Molecular and pharmacological characterization of the first Chelicerata pyrokinin receptor from a worldwide tick vector of zoonotic pathogens, Rhipicephalus (Boophilus) microplus

Authors: YANG, YUNLONG - Texas A&M University; Nachman, Ronald; PIETRANTONIO, PATRICIA - Texas A&M University

Submitted to: Insect Biochemistry and Molecular Biology
Publication Type: Peer Reviewed Journal
Publication Acceptance Date: 2/17/2015
Publication Date: 4/15/2015
Citation: Yang, Y., Nachman, R.J., Pietrantonio, P. 2015. Molecular and pharmacological characterization of the first Chelicerata pyrokinin receptor from a worldwide tick vector of zoonotic pathogens, Rhipicephalus (Boophilus) microplus. Insect Biochemistry and Molecular Biology. 60:13-23.

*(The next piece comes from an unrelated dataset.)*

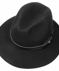 With its elegant colour contrast, the traveller hat can definitely be worn on special occasions on warm summer days. The easy-care viscose material is also known as Toyo straw, thanks to its special look. It gives the hat a light and airy charm that is perfectly complemented by the flat brim. The wide grosgrain ribbon provides the classic frame.

Interpretive Summary: Invertebrate pests have developed resistance to several conventional pesticides, and new approaches are needed for pest management. Although neuropeptides (short chains of amino acids) serve as potent messengers in insects to regulate vital functions, the neuropeptides hold little promise as pest control agents because they can be degraded in the target pest. New, selective control agents may be developed by designing mimics of these neuropeptides that resist degradation and either inhibit or over-stimulate critical neuropeptide-regulated life functions. Research was conducted that, for the first time, characterized the structure and distribution of the active site of the ‘pyrokinin’ (‘PK’) neuropeptide in a tick, specifically an important disease vector known as the ‘cattle fever tick’. Neuropeptides of the ‘PK’ class regulate the critical processes of diapause, muscle contraction and reproduction in insects and this research will aid in the discovery of the precise physiological role they play in ticks. The work further established key differences between the PK receptors of insects and ticks; suggesting that selective mimetic agents can be designed that can distinguish between them. The discoveries revealed in this paper will eventually aid in the design of neuropeptide-like compounds capable of disrupting critical life functions regulated by PK neuropeptides in tick pests. The work brings us one step closer to the development of practical neuropeptide-like substances that will be effective in controlling tick pests in an environmentally friendly fashion.

Technical Abstract: We identified the first pyrokinin receptor (Rhimi-PK-R) from the Chelicerata and analyzed structure-activity relationships of cognate ligand neuropeptides and their analogs. This receptor, which we cloned from larvae of the tick Rhipicephalus microplus (Acari: Ixodidae), is the ortholog of the insect pyrokinin (PK)/ pheromone biosynthesis activating neuropeptide (PBAN)/ diapause hormone (DH) receptor neuropeptide family, based on comparative and phylogenetic analyses. Rhimi-PK-R functional analyses using calcium bioluminescence were performed with a developed stable recombinant CHO-K1 cell line. Rhimi-PK-R was activated by four endogenous PKs from the Lyme disease vector, the tick Ixodes scapularis (EC50s range: 85.4 nM-546 nM) and weakly by another tick PRX-amide peptide, periviscerokinin (PVK) (EC50= 24.5 µM). PK analogs with substitutions of leucine, isoleucine or valine at the C-terminus for three tick PK peptides, Ixosc-PK1, Ixosc-PK2, and Ixosc-PK3, retained their potency on Rhimi-PK-R. Therefore, Rhimi-PK-R is less selective and substantially more tolerant than insect PK receptors of C-terminal substitutions of leucine to isoleucine or valine, a key structural feature that serves to distinguish insect PK from PVK/CAP2b receptors. In females, ovary and synganglion had the highest Rhimi-PK-R relative transcript abundance followed by the rectal sac, salivary glands, Malpighian tubules, and midgut. This is the first pharmacological analysis of a PK/PBAN/DH-like receptor from the Chelicerata, which will now permit the discovery of the endocrinological roles of this neuropeptide family in vectors of vertebrate pathogens.